Travel

Flight price comparison fight ramps up

Everyone involved in air travel — online travel agents, federal transportation officials, consumer advocates and airlines — claims to want to give passengers more information about prices for options such as meals and seat assignments while buying tickets.

But a fight has broken out among them as the Department of Transportation develops a rule that could force airlines to provide all those choices to travel agents so they could make it easier to compare the total price of flights among airlines.

Airlines contend they provide the fees on their own websites and can spread the information more broadly through specific deals such as the one Delta Air Lines has to market seats with extra legroom on its two-class aircraft.

But consumer advocates, travel agents and the companies that provide ticket-price comparisons argue that the government needs to force airlines to provide the data so customers can compare. The difference is between going to specific sites, such as Southwest Airlines, or to comparison sites such as Expedia, Orbitz and Travelocity.

The fight will get a public airing Aug. 7, when a consumer-advocate panel that makes recommendations to the DOT will look at the department's plans to issue a rule by late November that could force airlines to provide the computerized information about all their fees to comparison companies.
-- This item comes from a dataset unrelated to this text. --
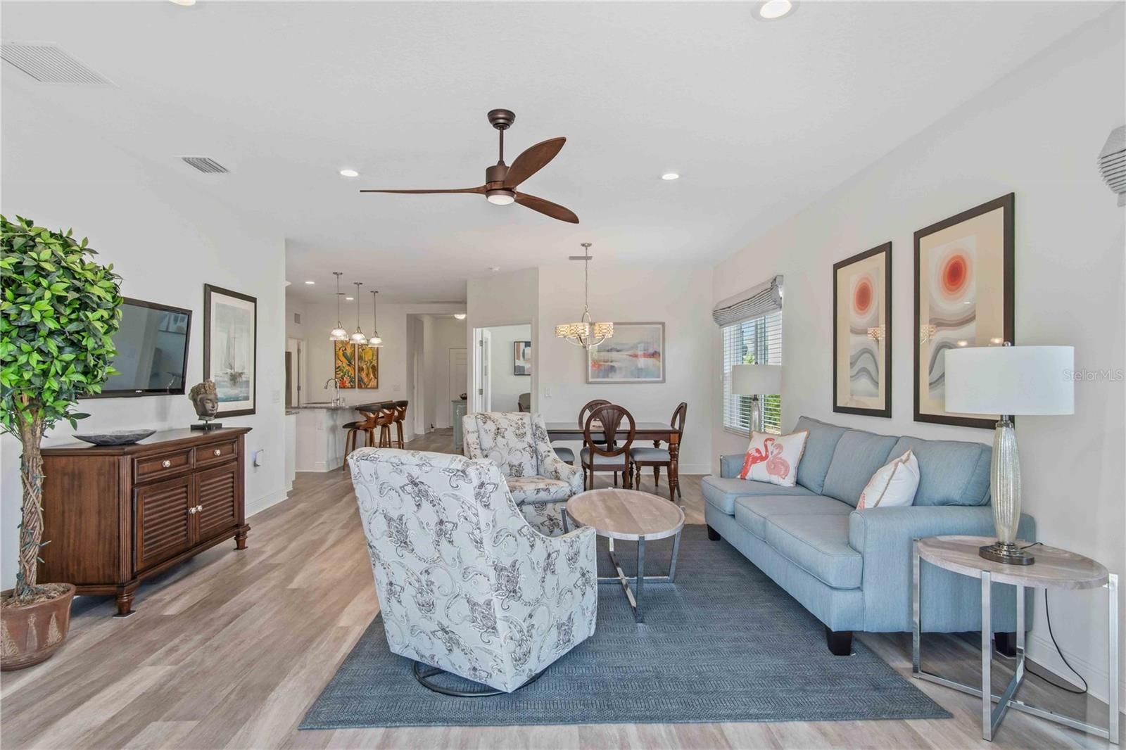 Welcome to your piece of paradise in the highly sought after gated community of Grand Palm. This BETTER THAN NEW home has countless upgrades not included on other units including high end ceiling fans, upscale window treatments, upgraded pendant lighting, a retractable screen entry door, epoxy flooring in the garage, work bench, garage storage shelving, and a retractable lanai awning. Owner-occupied, meticulously maintained, and well cared for! From the moment you walk in you will be greeted by the open layout and privacy thanks to no neighbors behind you! The dining and living room are spacious and the kitchen features a GAS range, granite countertops, solid wood cabinets, a water-filtration system, and stainless-steel appliances. There is an oversized laundry room just off the kitchen and more than enough storage throughout the home. The master suite has two walk-in closets, an en-suite bath with his & her sinks, and a large walk-in shower. The second and third bedrooms are also well-sized and there is even office that could be utilized as a 4th bedroom! You will likely spend much of your time spent relaxing in your oversized pavered lanai or enjoying the countless HOA communities such as the community pool or clubhouse just around the corner! Located just minutes from Wellen Park, the Atlanta Braves Stadium, Downtown Wellen, Gulf beaches, shopping, and fine dining….this area offers everything you could ever want! Ask your agent for the fully interactive 3D tour and prepare to fall in love.

" "Consumers are being denied the ability to compare prices," says Charlie Leocha, director of the Consumer Travel Alliance and a member of the panel called the Advisory Committee for Aviation Consumer Protection. "They can't compare apples to apples easily."

Robert Rivkin, DOT general counsel, says disclosing prices for more than 100 categories of fees quickly isn't an easy task. "That is something we are looking at very carefully, as you know, but we have to make sure we understand all the unintended and intended consequences of that," Rivkin says.

Fees are an important and growing part of each ticket, and of airlines' bottom lines. Bag fees generated nearly $3.4 billion at the 17 largest airlines last year, and re-booking fees generated nearly $2.4 billion , according to DOT figures.

Airlines are increasingly pricing their tickets piecemeal, with separate charges for food, seat assignments and seatback entertainment.

While the fees are on each airline's website, they often come up near the end of the process of booking a ticket. Comparing ticket prices with fees included requires visiting each airline's site. Travel agents can't pull up side-by-side comparisons on their computer screens.

"This shouldn't be a guessing game," says Paul Ruden, senior vice president for legal and industry affairs at the American Society of Travel Agents. "They should be able, at the same time as they're looking at the flight times and the price, that these are the options, and you can buy them. That's what the fight is about."

The dispute focuses on organizations called Global Distribution Systems, or GDS, that allow the easy comparison of ticket prices among participating airlines. Three companies dominate the business worldwide —Sabre Holdings and Travelport in the United States and Amadeus IT Holding in Europe.

The companies provide the information to travel agents, who make comparisons for travelers. The systems are used by 96% of corporate agents and 86% of leisure agents, according to PhoCusWright, which analyzes the travel industry.